Amanhã os argentinos vão às urnas para eleger seu presidente, e o candidato que lidera as pesquisas é Javier Milei, do partido A Liberdade Avança. Em algumas reportagens brasileiras, Milei tem sido descrito como um candidato de direita, mas essencialmente diferente de Bolsonaro. Enquanto Bolsonaro enfatiza a agenda de costumes, Milei enfatiza a econômica.
Sua postura libertária, ultraliberal, o aproximaria mais de um Felipe D’Avila, do partido Novo, que de um Bolsonaro. Algumas posturas que adotou no passado, mais tolerantes com drogas e práticas sexuais, o qualificariam como um liberal. Essa leitura, porém, está equivocada. Milei é hoje, como ele mesmo gosta de lembrar, um paleolibertário, um candidato que combina liberalismo econômico extremo com conservadorismo moral. Uma pesquisa realizada em Buenos Aires mostra que, entre seus apoiadores, a adesão a ideias conservadoras é ampla.
Desde antes de se lançar na política institucional, Milei vem tentando conciliar a defesa do liberalismo econômico extremo com o conservadorismo moral. Isso se refletiu numa espécie de dobradinha e divisão do trabalho de combate à esquerda argentina com o cientista político Agustín Laje. Enquanto Milei fazia a batalha das ideias econômicas, Laje fazia a das ideias conservadoras.
A ênfase na economia marcou toda a campanha. Ele entende, afinal, que a proposta de dolarização é o pilar de sua candidatura. Embora heterodoxa e arriscada, sabe que é a única proposta “diferente” e inovadora para enfrentar a crise de pobreza e inflação que atravessa o país. Por esse motivo, é equivocado pensar que o voto em Milei é de protesto, um “voto bronca”. É exatamente o contrário: um voto de esperança.
Sem deixar que as questões econômicas perdessem centralidade, Milei foi incorporando elementos das guerras culturais à campanha. Atacou a educação sexual nas escolas e criticou o ensino da “ideologia de gênero” pelos professores. Defendeu revisar para baixo a estimativa de militantes de esquerda assassinados pela ditadura nos anos 1970. Defendeu a posse de armas pelos cidadãos “de bem” e que os militares passassem a atuar na segurança pública, como nas operações de Garantia da Lei e da Ordem brasileiras. Propôs também rever a legalização do aborto e punir com dureza o consumo de drogas. Está se convertendo ao judaísmo e adotou como lema de campanha “As forças que vêm do céu”, referência ao versículo Macabeus 3:19.
Com essas questões em mente e em parceria com colegas argentinos da Universidade de Lanús, coordenei uma pesquisa de opinião ouvindo os apoiadores de Milei que foram ao comício de encerramento da campanha na quarta-feira, em Buenos Aires.
Foi muito diferente de um comício de Bolsonaro. Para começar, a maioria eram jovens e adolescentes. Setenta por cento dos participantes tinham menos de 34 anos. Isso destoa bastante das mobilizações bolsonaristas, dominadas por homens na faixa dos 40 e 50 anos, com grande presença de idosos. Chama também a atenção o perfil de renda, com muitos jovens mestiços vindos de bairros e cidades periféricas. Há muito tempo o voto na Argentina é segmentado. Os pobres votam no peronismo e as classes médias no antiperonismo. Milei atropelou esse corte de classe e renda, ganhando apoio transversal em todos os estratos sociais.

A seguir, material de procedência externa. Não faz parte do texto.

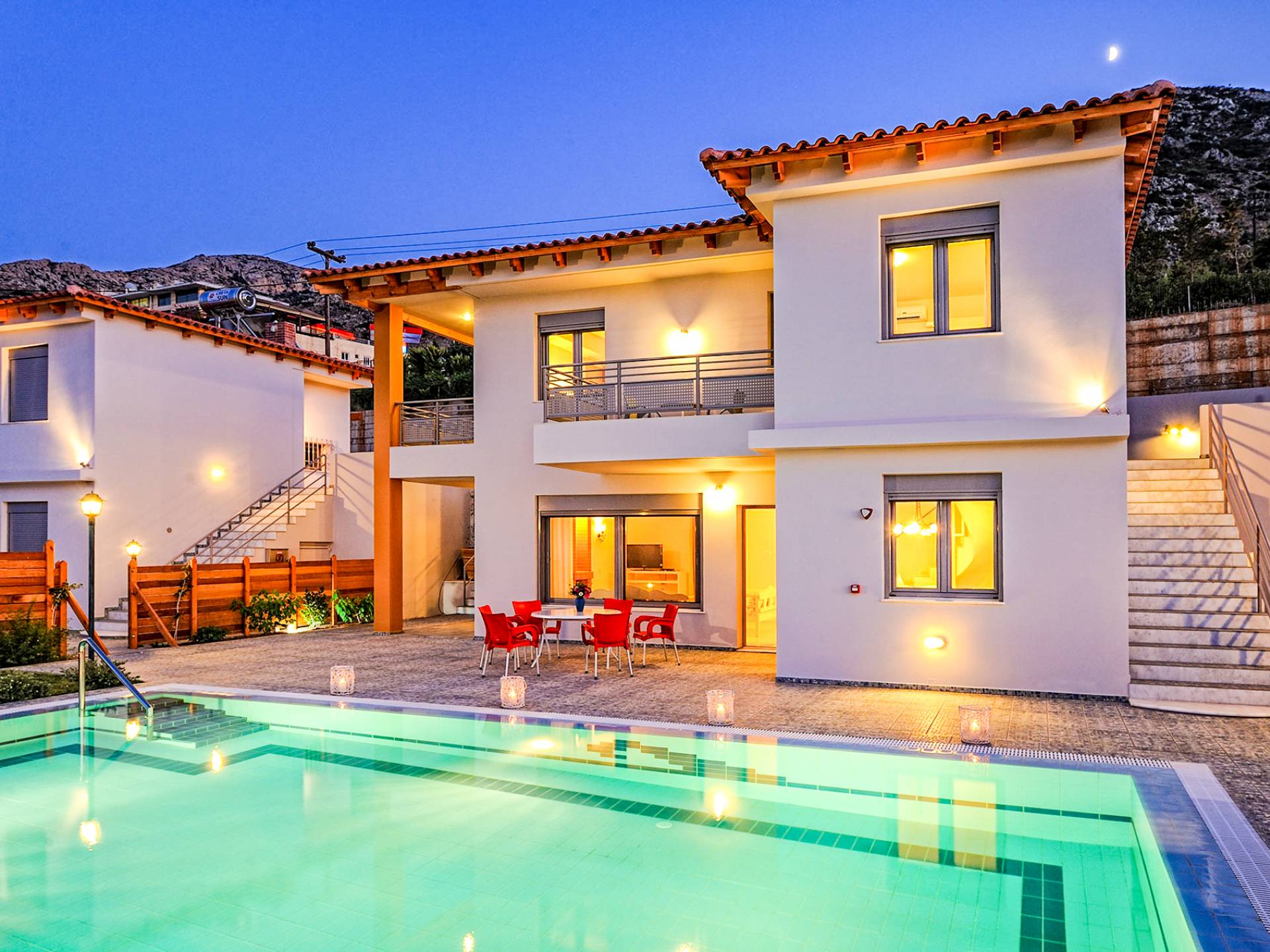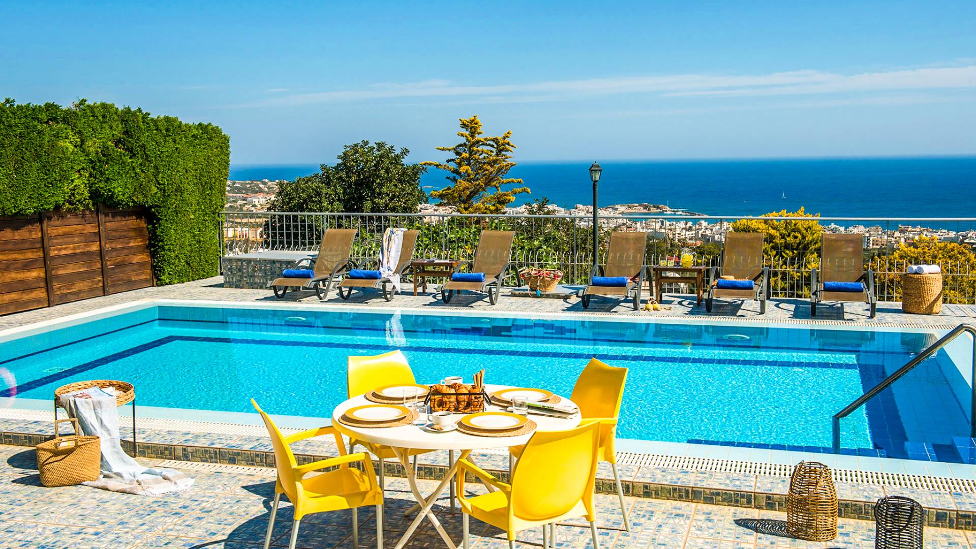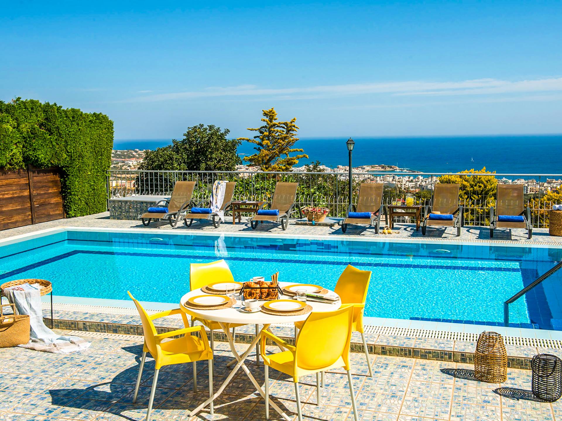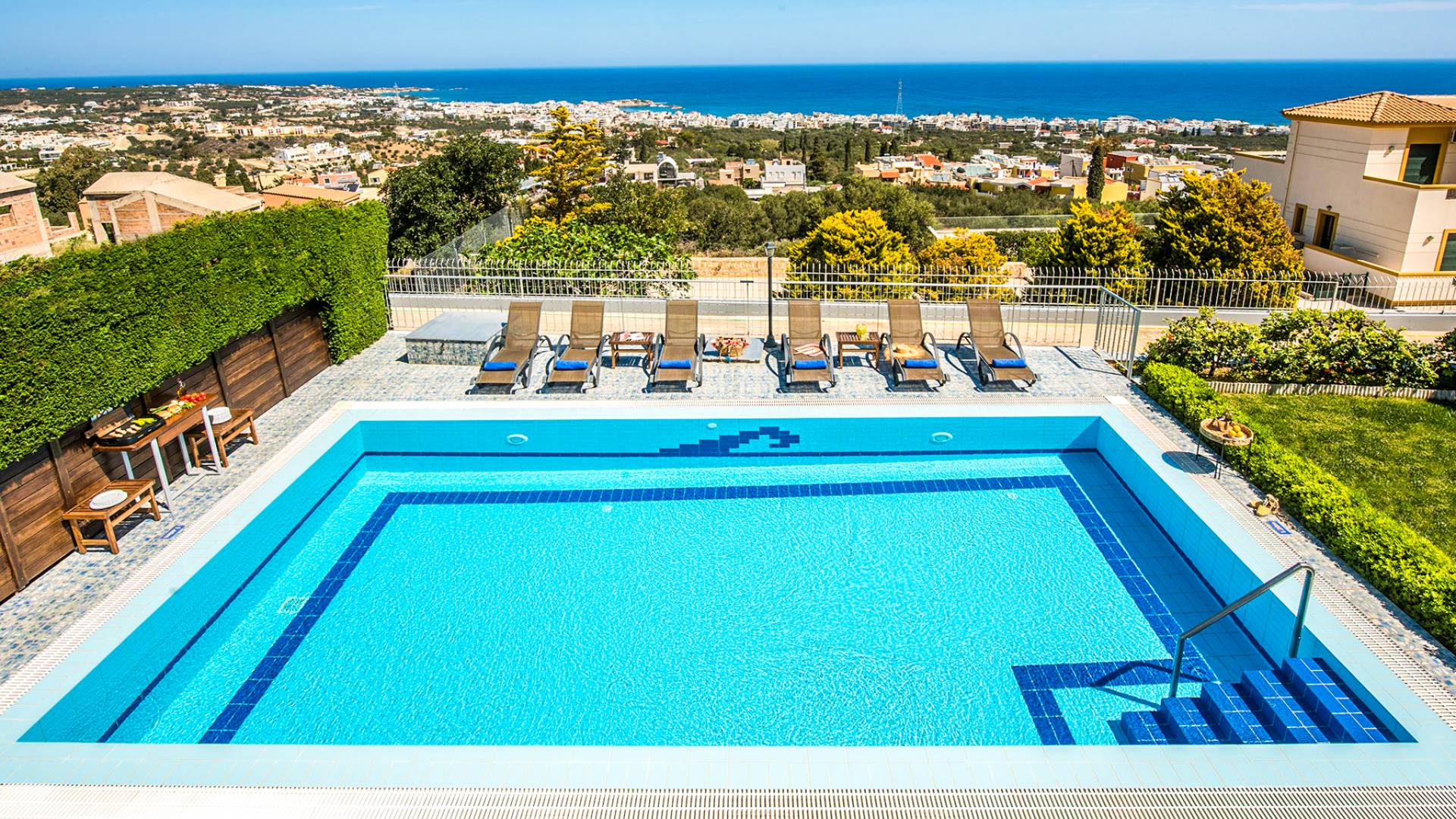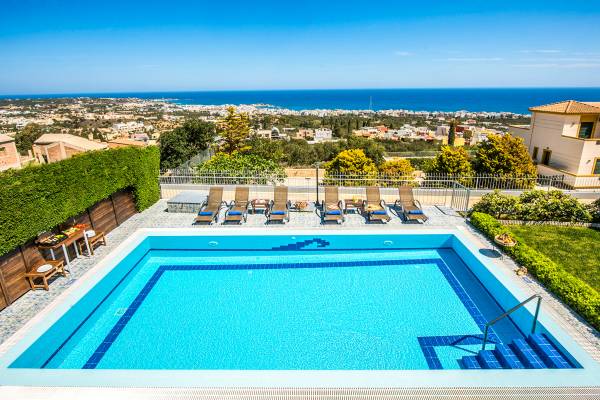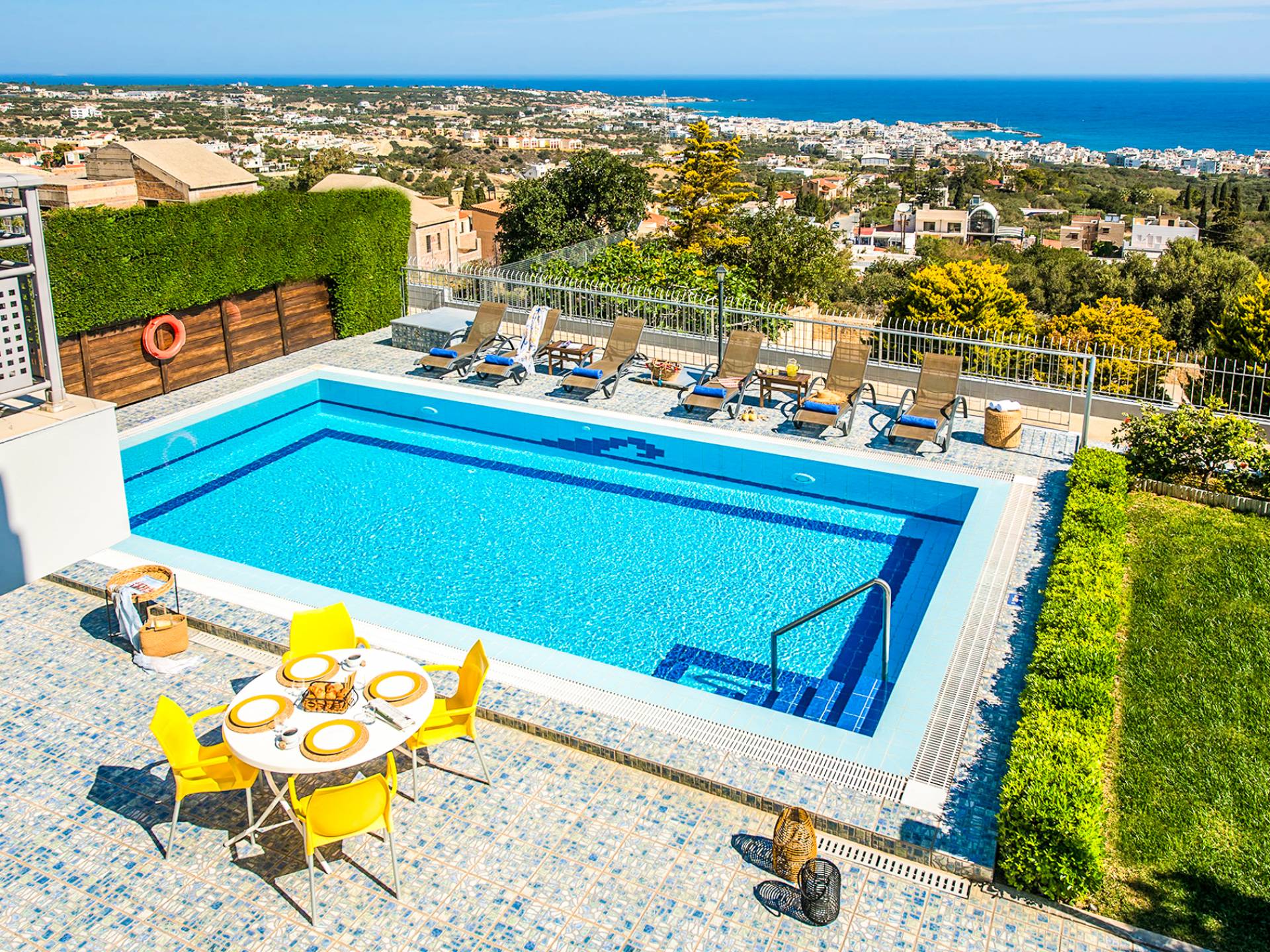 Red Villa at Elio Villas Hersonissos Crete - 3 Bedroom luxury villa with private pool, sea views, pool table & walk to beach location. Near dining, nightlife & Hersonissos.

Mas, se na demografia os mileístas mobilizados são diferentes dos bolsonaristas, na opinião são semelhantes. Fizemos um questionário que retrata opiniões amplamente aceitas entre bolsonaristas, críticas às elites culturais. O questionário buscava medir a desconfiança na atuação de professores, ONGs de direitos humanos, artistas e jornalistas. Setenta e um por cento dos mileístas presentes concordaram com a afirmação “os direitos humanos atrapalham o combate ao crime”; 64% com a afirmação “nas escolas se ensinam temas que contrariam os valores das famílias”; 49% com a afirmação “os artistas não respeitam os valores morais da nação”; e 96% com a afirmação “a internet permite descobrir verdades que os jornais e a TV querem esconder”.

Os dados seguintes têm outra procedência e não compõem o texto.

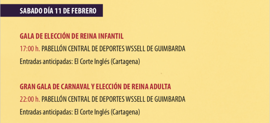 De esta jornada saldrán las reinas de la edición de 2023, celebrándose ambas galas en el pabellón Wssell de Guimbarda. También será el día en el que debuten Don Carnal y Doña Cuaresma de 2023, que son Pablo Juan Mainar y María del Pilar Vidal, de la comparsa Ipanema, mientras que los hermanos Belmonte y Daniela Navarro, de El Llano del Beal, los representan en edad infantil.
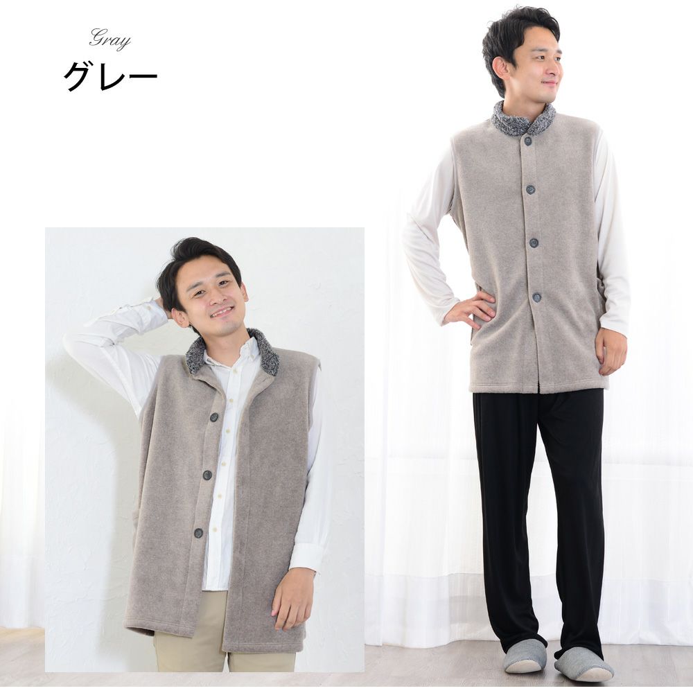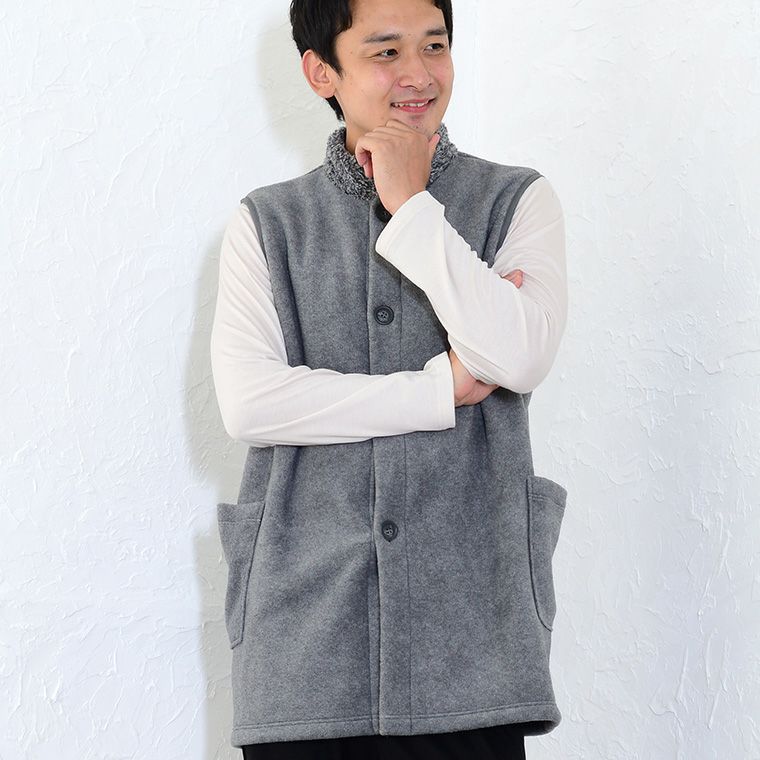 6. メンズ / レディース ロングベスト 前開き ボア付き メルトンフリース 0915
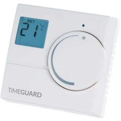 Electronic room thermostat with digital temperature display, providing automatic temperature control for all central heating applications. Simple to install surface mount design, with electronic accuracy to improve system efficiency and help reduce running costs. Easily adjustable dial. Output LED (illuminated on call for heat).
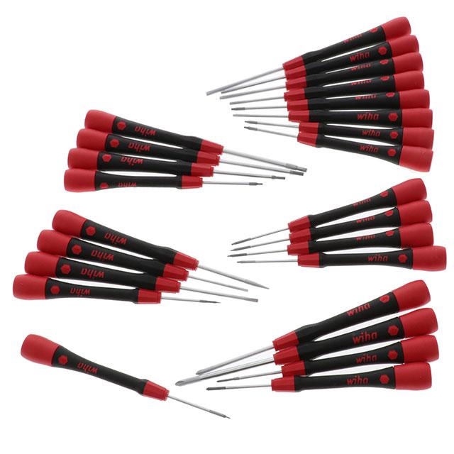This is manufactured by Wiha. The manufacturer part number is 26091. The product is rohs3 compliant. The product picofinish®, is a highly preferred choice for users. In addition, it is reach unaffected. It is assigned with possible HTSUS value of 8205.40.0000. In addition, box is the available packaging type of the product. Its typical moisture sensitivity level is 1 (unlimited). It has a long 2 weeks standard lead time. The wiha's product offers user-desired applications. It comes in screwdriver set configuration. The built-in exquisite tip is a hex, pentalobe, phillips, slotted, torx®, tri-wing® tip. The product is designated with the ear99 code number.

Não é possível generalizar esses dados, coletados com o núcleo da militância, para setores mais amplos do eleitorado, mas eles dão pistas de que, a despeito da ênfase econômica, o fenômeno Milei está também ligado às guerras culturais entre conservadores e progressistas travadas nas mídias sociais. Se Milei ganhar as eleições de amanhã, poderemos ver se consolidar na Argentina um fenômeno social não muito diferente do bolsonarismo.
Pablo Ortellado é um filósofo, professor universitário e colunista do jornal O Globo. Dá aulas de Gestão de Políticas Públicas na Universidade de São Paulo.